Khardan se quedó helado hasta los huesos. Mateo le había estado enseñando a ella lo que sabía. El joven brujo había intentado decírselo al califa, pero éste se había negado a escuchar; no quería saber nada. Magia de mujeres. O aún peor, magia de un
kafir
de una tierra lejana…

Entonces oyó una voz. La voz de Zohra. Sonaba extraña… ¡Estaba cantando!

Si una docena de soldados del amir, armados de cimitarras, se hubiesen precipitado a través de la puerta y lo hubiesen atacado allí donde estaba, Khardan se habría enfrentado a ellos con las manos vacías y no habría tenido ningún miedo. Pero aquel misterioso canturreo lo asustaba, lo hacía sentirse débil y tembloroso como un caballo que barrunta la llegada de un terremoto.

La voz sonaba bastante cerca, elevándose desde otra parte de la casa. El centro, calculó Khardan, recordando haber visto un patio abierto con el suelo de piedra. Ahora podría encontrarla fácilmente si lograba obligar a sus pies a que lo llevasen más allá en la escalinata de entrada. Entonces le vino la inquietante idea de que aún podría ser capaz de detenerla antes de que hiciese cualquier cosa temeraria o impetuosa. Khardan no estaba seguro de qué podía ser, pero él había visto una vez a aquella horrible criatura, un demonio de alguna especie, que Mateo había hecho venir desde Sul.

Avanzando deprisa, sin preocuparle el ruido que pudiera hacer, Khardan recorrió los pasillos y descubrió que, tal como se había imaginado, el canto procedía del patio interior situado en el centro del edificio.

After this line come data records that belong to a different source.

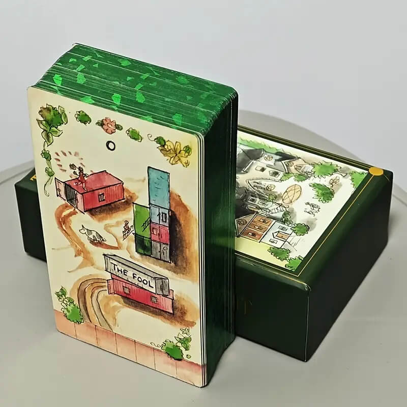 The Housing Tarot — унікальна колода, де кожна карта зображує архітектурні сцени та міські пейзажі. Ілюстрації виконані в акварельній техніці, що надає їм тепла та гармонії. Колода підходить для самопізнання, психологічних розкладів і медитативних практик. Її м’який візуальний стиль поєднує сучасність і символізм, роблячи кожне гадання особливим мистецьким процесом.
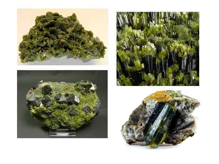 ЭПИДОТ – породообразующий минерал, силикат кальция, железа и алюминия с кислородом и гидроксилом. Сингония: Моноклинная Состав (формула): Ca 2 Fe 3+Al 2(Si 2 O 7)(Si. O 4)O(OH) Цвет: Фисташково-зелёный до бледно-зелёного, желтовато-зелёный, зеленовато-жёлтый, зеленовато-чёрный Цвет черты (цвет в порошке): Белый, сероватый до светло-фисташкового Прозрачность: Прозрачный, Просвечивающий, Непрозрачный Спайность: Совершенная Излом: Неровный Блеск: Перламутровый, Смолистый, Стеклянный Твёрдость: 6 -7 Удельный вес, г/см 3: 3, 38 -3, 49 Особые свойства: Эпидот обладает сильным плеохроизмом. Хрупок. Форма выделения Эпидот образует вытянутые призматические кристаллы; зернистые, радиально-лучистые и параллельношестоватые агрегаты. Сопутствующие минералы Актинолит, амфиболы, кальцит, кварц, плагиоклазы, цеолиты – характерны для фации зелёных сланцев (greenschist facies); амфиболы, везувианит (vesuvianite), волластонит-1 A (wollastonite-1 A), гранаты, пироксены (pyroxenes), скаполит (scapolite), тальк – характерны для эпидот-роговиковой фации (epidote-hornfels facies); глаукофан (glaucophane), гранаты, лоусонит (lawsonite, лавсонит, лосонит), омфацит (omphacite), пумпеллииты (pumpellyite), рибекит (riebeckite) – характерны для фации синих сланцев (blueschist facies). Происхождение Эпидот встречается в известковых скарнах, а также в метаморфических породах, богатых кальцием (средне- и низкотемпературных).
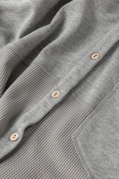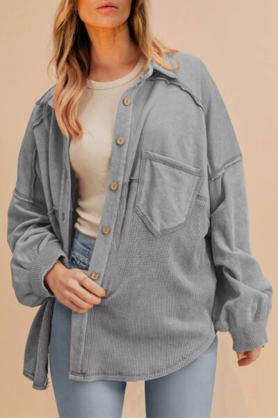 Medium Grey Waffle Knit Patchwork Exposed Seam Loose Shacket
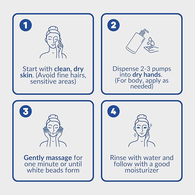 - + FACE & BODY + This exfoliating face and body wash is designed for the face and the body such as the neck, elbows, hands, and heels. Gently buff away dry skin and instantly polish and soften your skin.

Se detuvo debajo de un arco de piedra. En el centro del patio había un gran estanque redondo, de más de cinco metros de circunferencia, con una pared de piedra que arrancaba desde el suelo hasta casi un metro de altura. Mucho tiempo atrás, aquel
hauz
había contenido agua para el uso doméstico, agua llevada hasta la casa, probablemente, por aquellos canales de los que Ibn Jad le había hablado. Pero aquello había sido hacía mucho tiempo. Ahora el estanque aparecía embozado de arena vertida allí por el viento en un intento, por parte del desierto, de reclamar lo que el hombre le había robado. Un gran montón de arena rebosaba por el borde del estanque formando una pequeña duna que cubría una parte del patio.

De pie, junto al reseco
hauz
, estaba Zohra, con la espalda vuelta hacia Khardan. Ella no lo veía y, por la poco natural rigidez de su postura, quizá tampoco lo habría visto aunque él se hubiera colocado en frente de ella. El califa se aproximó despacio a su esposa, esperando ver lo que estaba haciendo y hacerse una idea de cómo poner fin a ello.